Here we compare these alternatives with a third, experimental method, using the Tweedie distribution to model observation errors. The Tweedie distribution is a positive, continuous distribution that accepts zeros and is therefore an ideal candidate for situations with zero biomass observations. The tradeoffs of this situation is that it requires the estimation of another parameter (the power parameter $\rho$ ), is computationally expensive, and at least in trial runs, appears to suffer from convergence issues.

The following example uses BSAI non-shortspine thornyhead (non-SST) other rockfish in the EBS shelf bottom trawl survey. The time series of biomass has 13 zeros out of 38 total observations.


nonsst <- read.csv('ebsshelf_orox_biomass.csv')
kable(nonsst)

strata	year	biomass	cv
EBS Shelf	1982	0.00	NA
EBS Shelf	1983	0.00	NA
EBS Shelf	1984	17.75	1.0001177
EBS Shelf	1985	36.17	0.9999791
EBS Shelf	1986	0.00	NA
EBS Shelf	1987	49.72	0.9999973
EBS Shelf	1988	0.00	NA
EBS Shelf	1989	0.00	NA
EBS Shelf	1990	0.00	NA
EBS Shelf	1991	857.40	0.9427366
EBS Shelf	1992	13.75	0.9996411
EBS Shelf	1993	86.07	1.0000160
EBS Shelf	1994	46.61	0.9999849
EBS Shelf	1995	75.58	0.7025223
EBS Shelf	1996	35.63	0.9999759
EBS Shelf	1997	126.24	0.9999773
EBS Shelf	1998	537.59	0.6792890
EBS Shelf	1999	397.58	0.7501752
EBS Shelf	2000	0.00	NA
EBS Shelf	2001	0.00	NA
EBS Shelf	2002	0.00	NA
EBS Shelf	2003	55.35	0.6986692
EBS Shelf	2004	0.00	NA
EBS Shelf	2005	36.32	1.0000123
EBS Shelf	2006	356.64	0.8470749
EBS Shelf	2007	0.00	NA
EBS Shelf	2008	0.00	NA
EBS Shelf	2009	121.56	0.5781683
EBS Shelf	2010	56.95	0.9201803
EBS Shelf	2011	55.82	1.0000285
EBS Shelf	2012	36.63	1.0000276
EBS Shelf	2013	39.73	1.0001188
EBS Shelf	2014	28.25	0.9999542
EBS Shelf	2015	142.91	0.9999827
EBS Shelf	2016	20.06	0.9997865
EBS Shelf	2017	169.32	0.7267037
EBS Shelf	2018	1592.69	0.6999401
EBS Shelf	2019	0.00	NA

Model 1: Zeros as NAs


nonsst <- read.csv('ebsshelf_orox_biomass.csv')
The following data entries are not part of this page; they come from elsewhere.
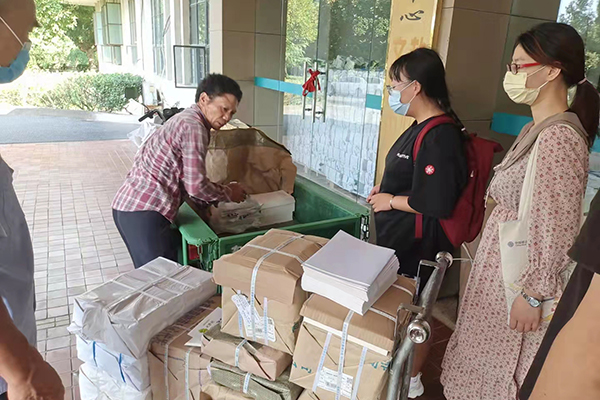 教育服务中心党支部紧紧围绕落实立德树人根本任务,弘扬优良作风,践行初心使命,连续多年坚持在开学季免费提供送教材服务,将一捆捆、一摞摞厚重的教材和本子送到学生方便分发的宿舍楼和教学楼。
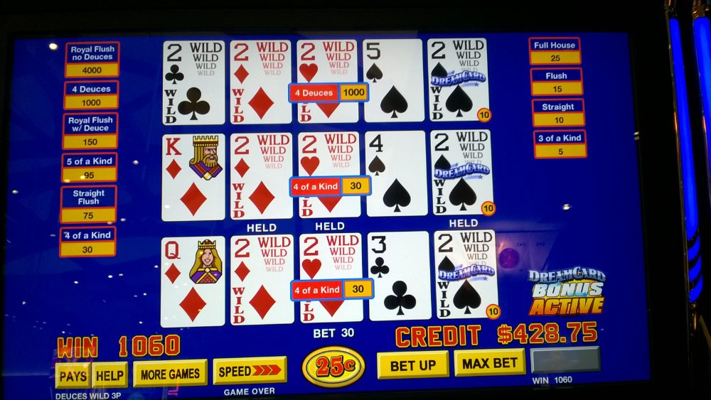 Wife hit a Major pot in the Bouns on a Buffalo machine. I got a four to the royal draw to fill in. Then on the way out I dropped 200 into DC and hit four deuces and cash out 400.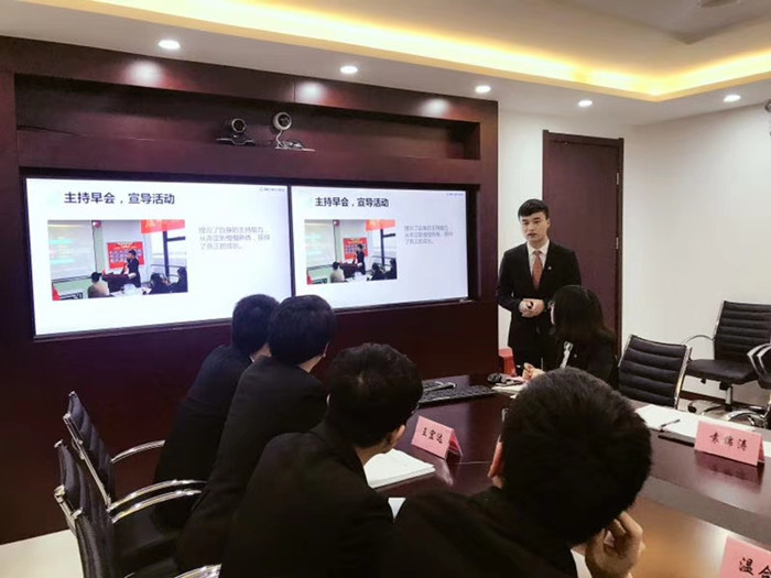 11名来自学院经济、金融等专业的2018届实习生,精心制作了PPT,从工作在新华、收获与反思、自我评定以及下阶段工作计划等四个方面汇报了前一阶段在新华保险的实习情况。新华保险的各位经理们进行了精彩点评,大家对我院学生的实习表现进行了充分的肯定,也提出了一些有益的建议。通过汇报,检验了各个实习生的实习与收获情况,帮助学生不断成长。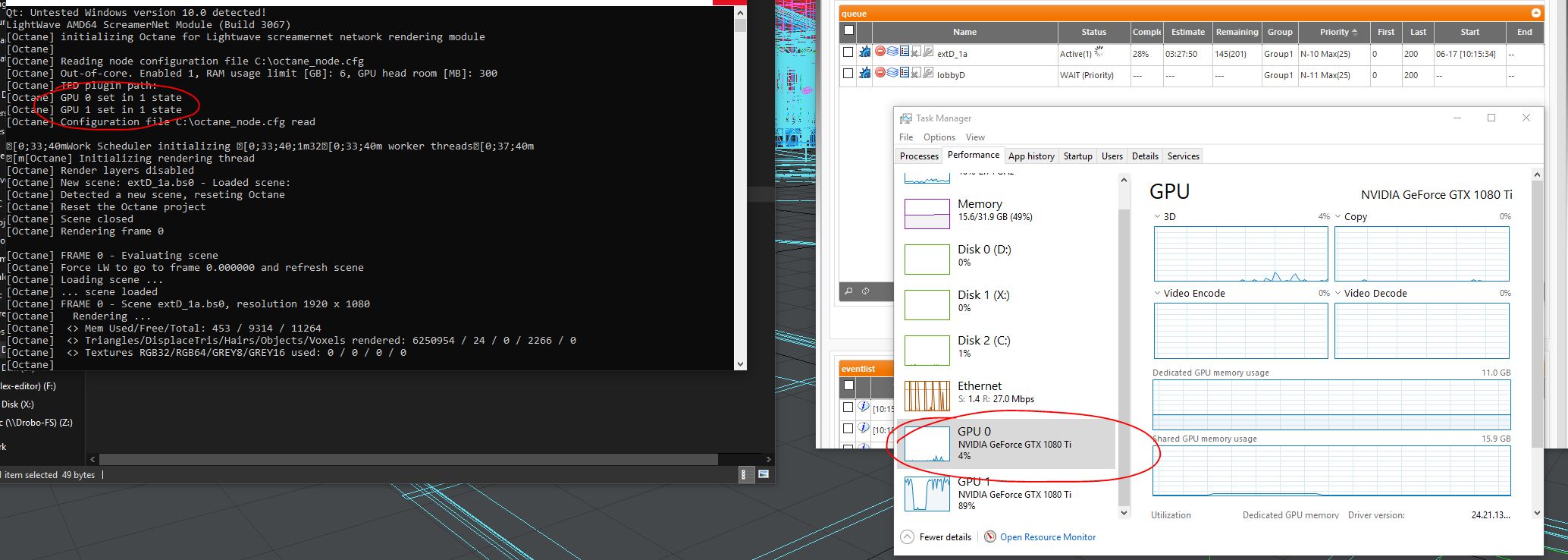I was just looking around while rendering and noticed out of the two GPU's I have installed only one is being used during LWSN rendering. As you can see both are being setup correctly on initialization from the octane_node.cfg file.

input1 <- prepare_rema_input(model_name = 'M1: Zeros as NAs',
                             biomass_dat = nonsst,
                             zeros = list(assumption = 'NA'))
m1 <- fit_rema(input1)
#> Model runtime: 0.1 seconds 
#> stats::nlminb thinks the model has converged: mod$opt$convergence == 0
#> Maximum gradient component: 4.23e-10 
#> Max gradient parameter: log_PE 
#> TMB:sdreport() was performed successfully for this model

Model 2: Add a small constant


input2 <- prepare_rema_input(model_name = 'M2: Small constant=0.01, CV=1.5',
                            biomass_dat = nonsst,
                            zeros = list(assumption = 'small_constant',
                                         # values: 1) small constant, 2) assumed CV
                                         options_small_constant = c(0.01, 1.5)))
m2 <- fit_rema(input2)
#> Model runtime: 0.1 seconds 
#> stats::nlminb thinks the model has converged: mod$opt$convergence == 0
#> Maximum gradient component: 1.33e-07 
#> Max gradient parameter: log_PE 
#> TMB:sdreport() was performed successfully for this model

Model 3: Tweedie distribution


input3 <- prepare_rema_input(model_name = 'M3: Tweedie',
                             biomass_dat = nonsst,
                             zeros = list(assumption = 'tweedie'))

m3 <- fit_rema(input3)
#> Model runtime: 0.1 seconds 
#> stats::nlminb thinks the model has converged: mod$opt$convergence == 0
#> Maximum gradient component: 1.72e-10 
#> Max gradient parameter: log_PE 
#> TMB:sdreport() was performed successfully for this model

Compare model results

compare <- compare_rema_models(rema_models = list(m1, m2, m3))
compare$plots$biomass_by_strata

Models 1 (Zeros as NAs) and 3 (Tweedie) have the most similar results. While the Tweedie appears to perform well in this case, it can be very slow to run and suffer from convergence issues, especially when observation errors are relatively small. The Tweedie alternative should be considered experimental until these issues can be resolved.